(Provided data):
· · · ·

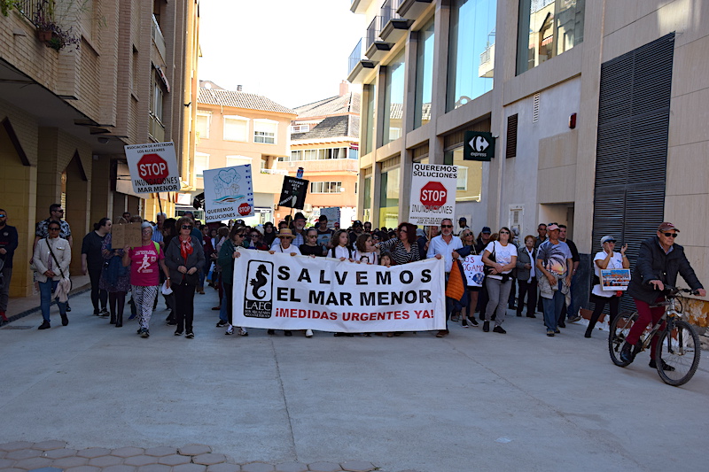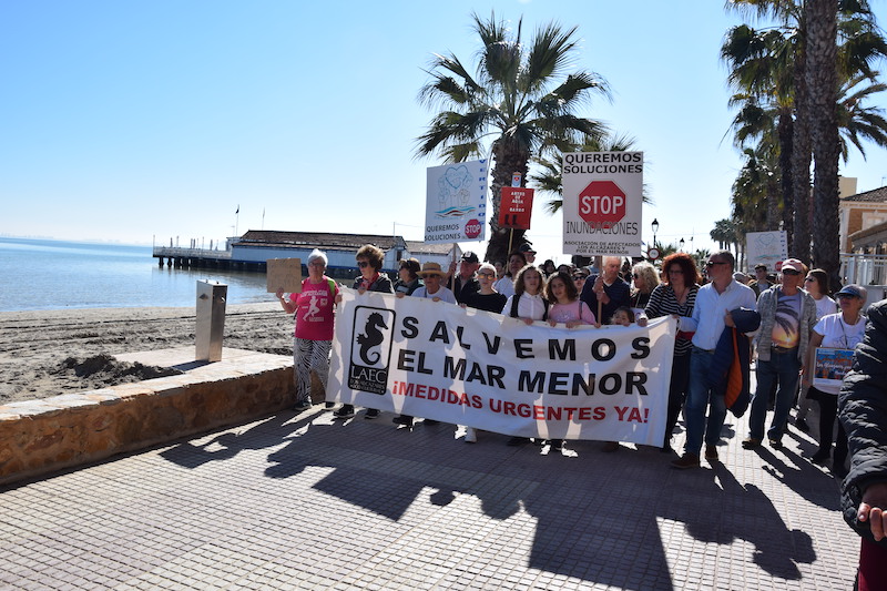 «Hoy hemos marchado juntos por dos razones: el Mar Menor y las inundaciones», afirmó el portavoz de la EcoCultura, Antonio Zapata. «Si no estamos juntos no tenemos futuro», afirmó el historiador, quien ha encabezado esta mañana, domingo, la marcha vecinal para mantener la reivindicación de soluciones para evitar nuevas riadas.
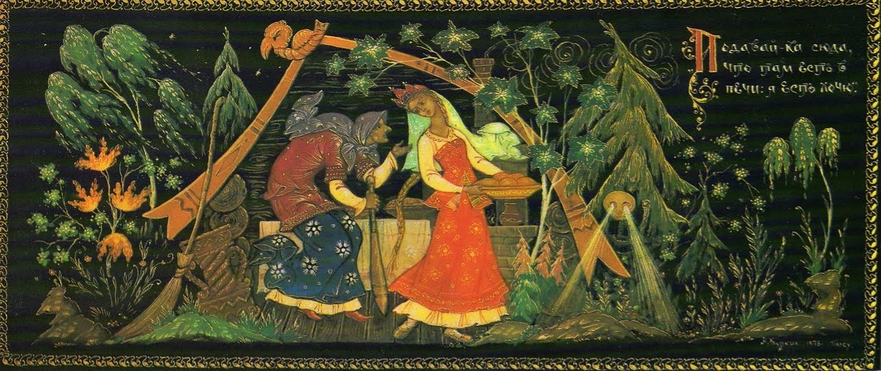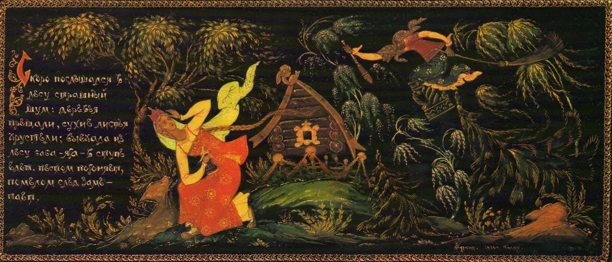 Баба-Яга очеловечена: старая женщина с тёмным лицом. Это соответствует имеющейся у Афанасьева трактовке: его Баба-Яга не выступает абсолютным злом.
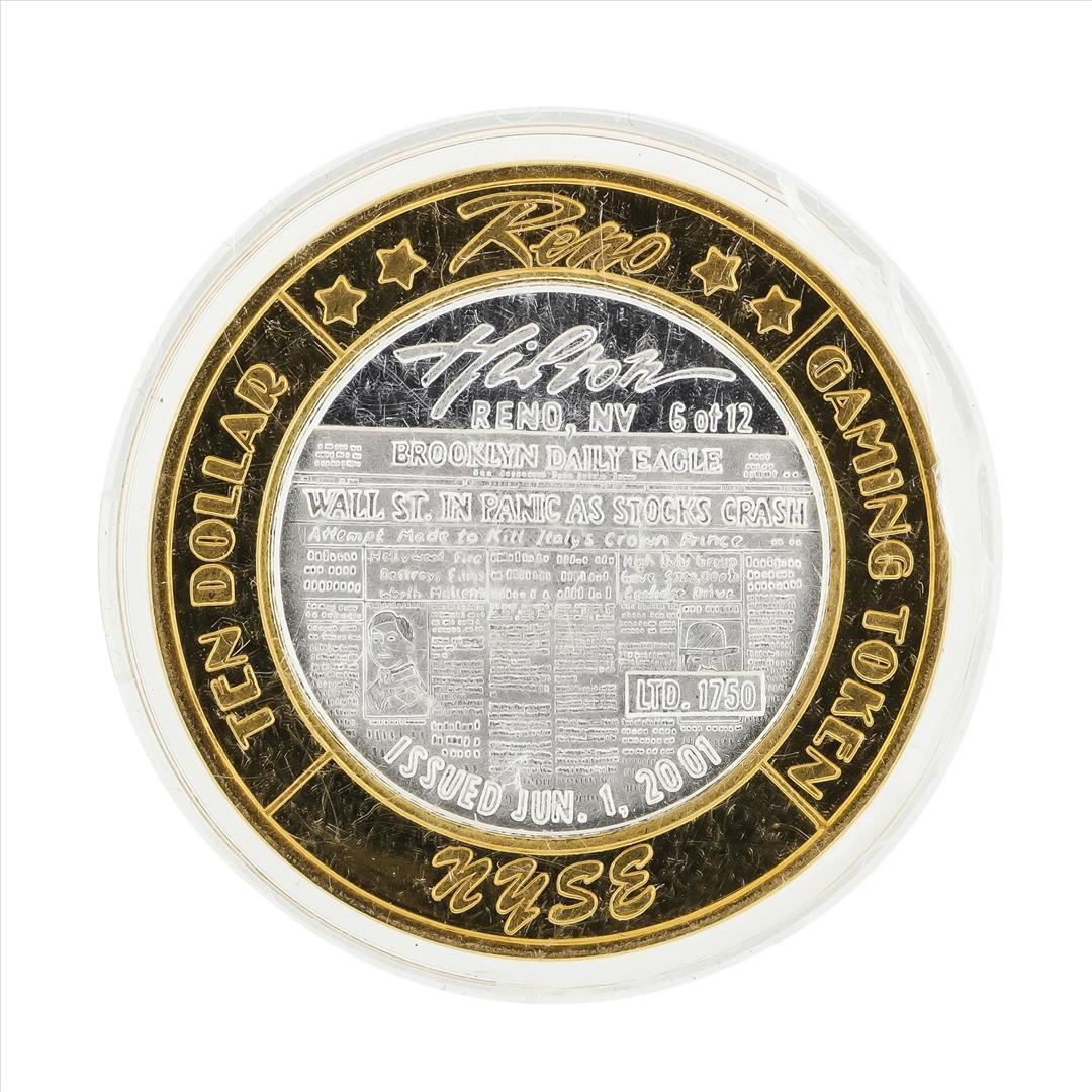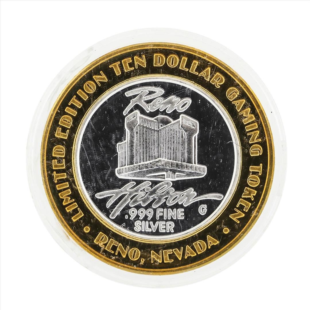 One .999 Silver Reno Hilton $10 Casino Gaming Token Limited Edition.
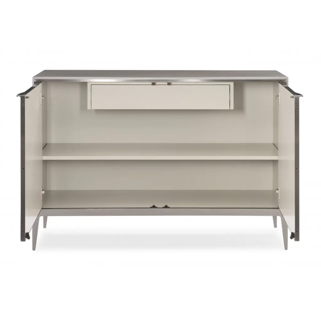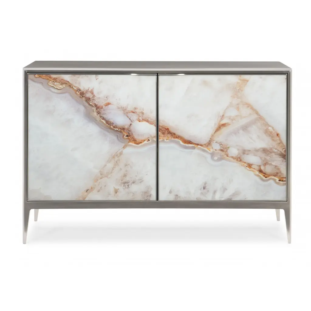 A stellar example of nature’s beauty, the Rock Steady cabinet adds modern character to any space. Wrapped in a metal frame highlighted with a Brushed Nickel finish, its two glass doors feature a one-of-a-kind painted agate pattern in a color palette of cool whites and grays punctuated by earthy shades of terracotta. Subtle finger pulls add function without taking away from the stunning brilliance of its design. Inside, you’ll find a storage area fully finished in Putty with an adjustable shelf and storage drawer. Tapered legs complete the look of this fashionable statement piece.

· · · ·

(About this exercise):
Everything in the listing above, apart from its pictures, must be repeated exactly.

(Solution to this problem):
 «Hoy hemos marchado juntos por dos razones: el Mar Menor y las inundaciones», afirmó el portavoz de la EcoCultura, Antonio Zapata. «Si no estamos juntos no tenemos futuro», afirmó el historiador, quien ha encabezado esta mañana, domingo, la marcha vecinal para mantener la reivindicación de soluciones para evitar nuevas riadas.
 Баба-Яга очеловечена: старая женщина с тёмным лицом. Это соответствует имеющейся у Афанасьева трактовке: его Баба-Яга не выступает абсолютным злом.
 One .999 Silver Reno Hilton $10 Casino Gaming Token Limited Edition.
 A stellar example of nature’s beauty, the Rock Steady cabinet adds modern character to any space. Wrapped in a metal frame highlighted with a Brushed Nickel finish, its two glass doors feature a one-of-a-kind painted agate pattern in a color palette of cool whites and grays punctuated by earthy shades of terracotta. Subtle finger pulls add function without taking away from the stunning brilliance of its design. Inside, you’ll find a storage area fully finished in Putty with an adjustable shelf and storage drawer. Tapered legs complete the look of this fashionable statement piece.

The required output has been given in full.